Example Devices and Systems

FIG. 3A depicts a block diagram of an example computing system 100 according to example embodiments of the present disclosure. The system 100 includes a user computing device 102, a server computing system 130, and a training computing system 150 that are communicatively coupled over a network 180.
The user computing device 102 can be any type of computing device, such as, for example, a personal computing device (e.g., laptop or desktop), a mobile computing device (e.g., smartphone or tablet), a gaming console or controller, a wearable computing device, an embedded computing device, or any other type of computing device.

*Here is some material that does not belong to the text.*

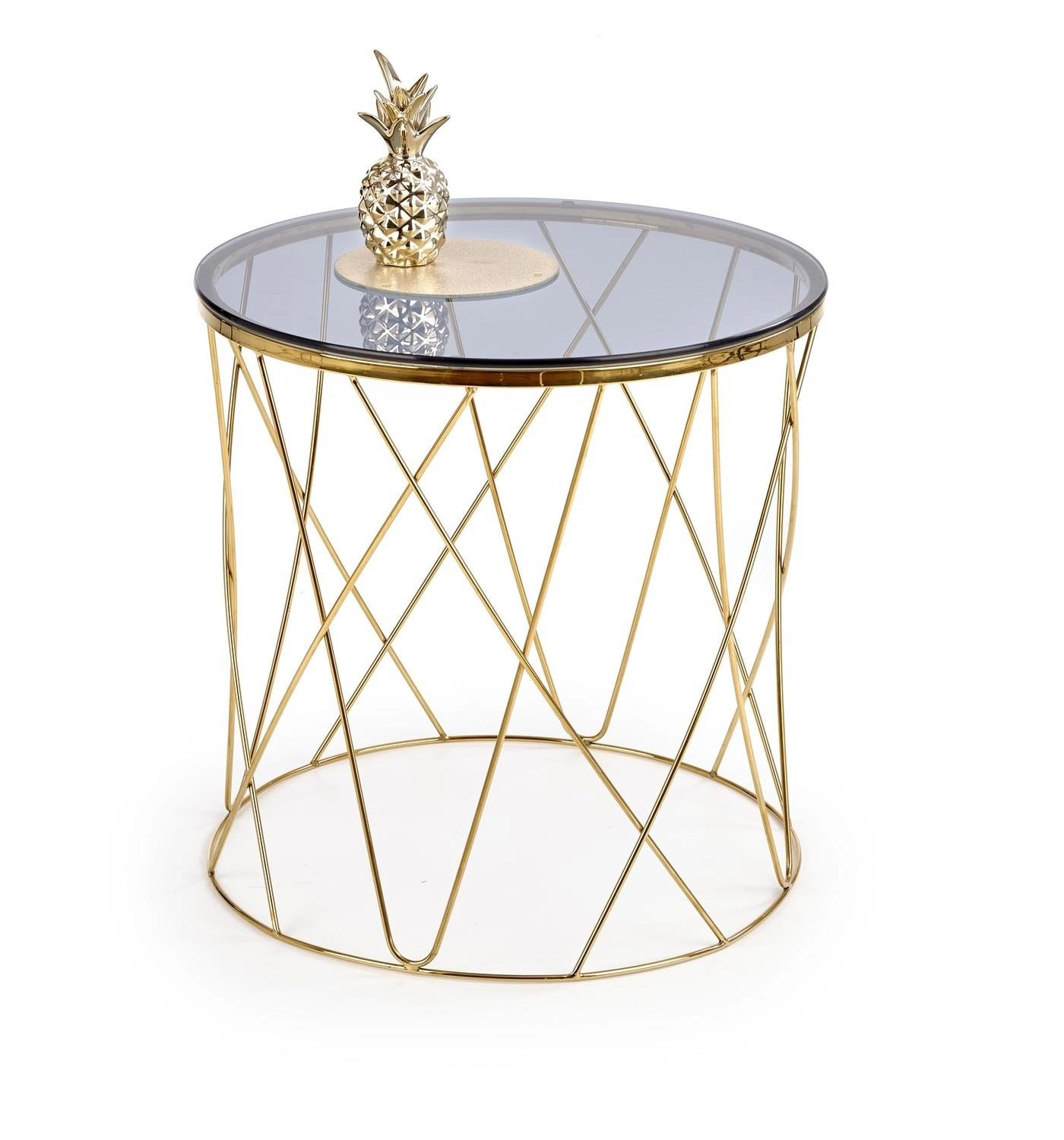 Wymiary 55/55 cm nadają stolikowi intymny, zachęcający charakter, który zachęca do zajęcia miejsca i relaksu. Przydymione szkło jest zabarwione na subtelny odcień szarości, dzięki czemu jego błyszczący połysk pięknie odbija światło, a złota podstawa idealnie kontrastuje z blatem.
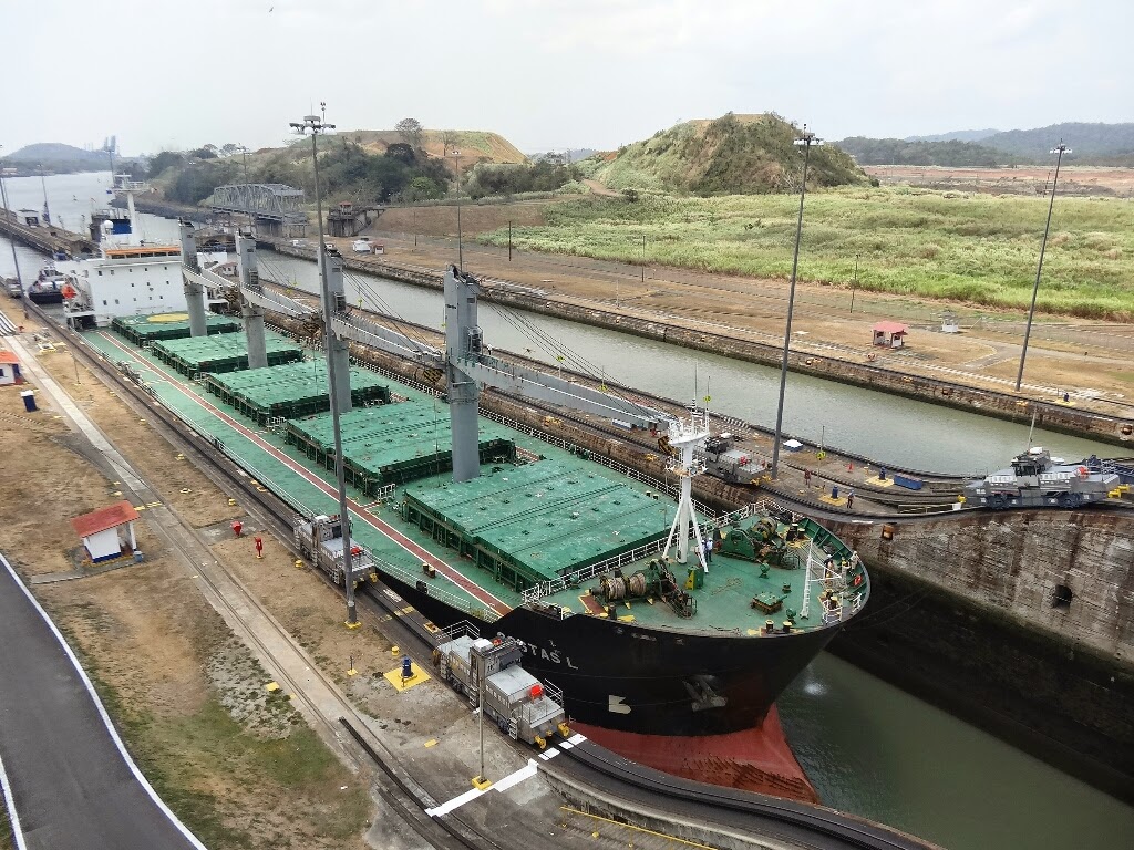 Nous arrivons juste à temps pour voir passer le dernier bateau de la matinée. Ce bateau paye 65 000 dollars pour passer, en moyenne un batiment paye 30 000$, ça dépend du type de bateau et de sa taille.

The user computing device 102 includes one or more processors 112 and a memory 114. The one or more processors 112 can be any suitable processing device (e.g., a processor core, a microprocessor, an ASIC, an FPGA, a controller, a microcontroller, etc.) and can be one processor or a plurality of processors that are operatively connected. The memory 114 can include one or more non-transitory computer-readable storage media, such as RAM, ROM, EEPROM, EPROM, flash memory devices, magnetic disks, etc., and combinations thereof. The memory 114 can store data 116 and instructions 118 which are executed by the processor 112 to cause the user computing device 102 to perform operations.
In some implementations, the user computing device 102 can store or include one or more machine-learned models 120. For example, the machine-learned models 120 can be or can otherwise include various machine-learned models such as artificial neural networks (e.g., deep artificial neural networks) or other types of machine-learned models, including non-linear models and/or linear models. Artificial neural networks can include feed-forward artificial neural networks, recurrent artificial neural networks (e.g., long short-term memory recurrent artificial neural networks), convolutional artificial neural networks or other forms of artificial neural networks. Some example machine-learned models can leverage an attention mechanism such as self-attention. For example, some example machine-learned models can include multi-headed self-attention models (e.g., transformer models). Example machine-learned models 120 are discussed with reference to FIG. 1B.
In some implementations, the one or more machine-learned models 120 can be received from the server computing system 130 over network 180, stored in the user computing device memory 114, and then used or otherwise implemented by the one or more processors 112. In some implementations, the user computing device 102 can implement multiple parallel instances of a single machine-learned model 120.
Additionally or alternatively, one or more machine-learned models 140 can be included in or otherwise stored and implemented by the server computing system 130 that communicates with the user computing device 102 according to a client-server relationship. For example, the machine-learned models 140 can be implemented by the server computing system 140 as a portion of a web service. Thus, one or more models 120 can be stored and implemented at the user computing device 102 and/or one or more models 140 can be stored and implemented at the server computing system 130.
The user computing device 102 can also include one or more user input components 122 that receives user input. For example, the user input component 122 can be a touch-sensitive component (e.g., a touch-sensitive display screen or a touch pad) that is sensitive to the touch of a user input object (e.g., a finger or a stylus). The touch-sensitive component can serve to implement a virtual keyboard. Other example user input components include a microphone, a traditional keyboard, or other means by which a user can provide user input.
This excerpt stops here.